Table 3. Cancer cell lines were cultured in the presence of 125–1000 μg/ml of crude extract from the leaves of M. modestum for 24 h, stained with PI, and then analyzed by flow cytometry. Statistical comparisons were analyzed by the one-way ANOVA with Tukey’s HSD post hoc test.

All four leave-derived crude extracts were tested for phytochemicals. The results showed the presence of tannins and flavonoids in all the crude extracts (Table 4). Alkaloids were found in U. longipes and A. burmanicus, and saponins were found in U. longipes and Dasymaschalon sp. The phytochemicals in the Annonaceae family observed in our study was consistent with that in a previous report [27].

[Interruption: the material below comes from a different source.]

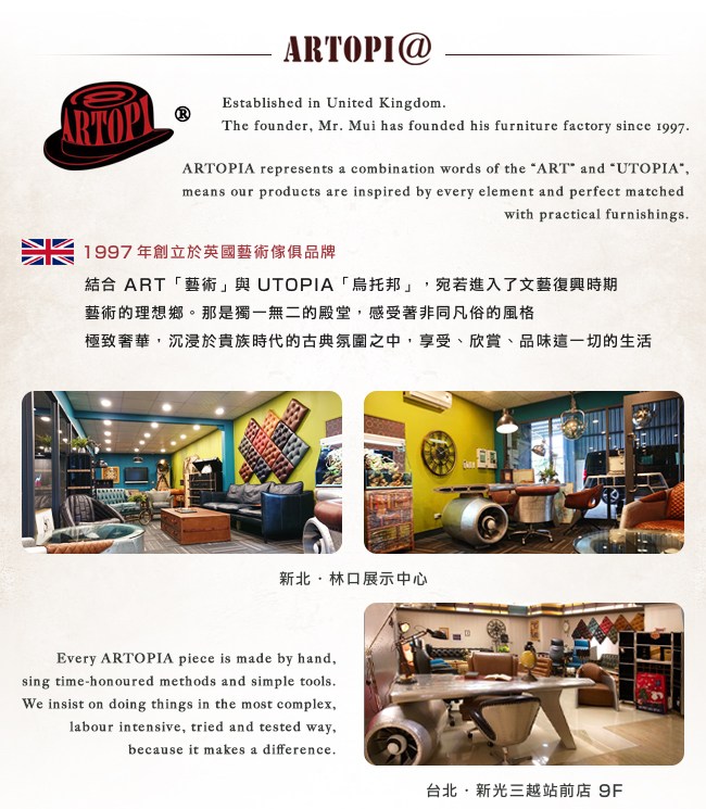 在對古董、復古傢俱的熱愛下,於 1997 年成立英國藝術傢俱品牌。結合「ART」藝術與「UTOPIA」烏托邦,宛若進入文藝復興時期,藝術的理想鄉。那是獨一無二的殿堂,感受著非同凡俗的風格。極致奢華,沈浸於貴族時代的古典氛圍之中,享受、欣賞、品味這一切的生活。
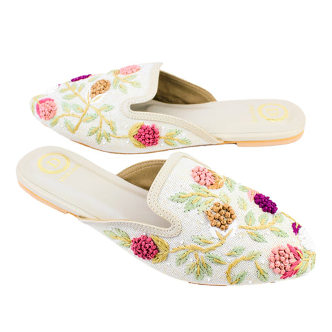 Cream Flat Artisan-Made Slippers | S324F-C

Quercetin and rutin have been reported for their numerous biological activities, such as anti-inflammatory, free radical scavenging, immunomodulatory, and cancer chemoprevention [28, 29]. Interestingly, quercetin and rutin have been reported as present in a number of species of the Annonaceae family [30]. Therefore, all the methanolic leaves extracts were analyzed for quercetin and rutin by reversed-phase HPLC. The HPLC chromatogram demonstrated that the leaf methanolic extracts of U. longipes (Fig. 3b) and Dasymaschalon sp. (Fig. 3c) contain rutin amounting to 3.29 ± 0.22 mg/g extract and 2.05 ± 0.10 mg/g extract, respectively. While, the leaf methanolic extract of U. longipes and M. modestum contained quercetin amounting to 1.52 ± 0.13 mg/g extract and 0.43 ± 0.11 mg/g extract, respectively (Fig. 4b and c).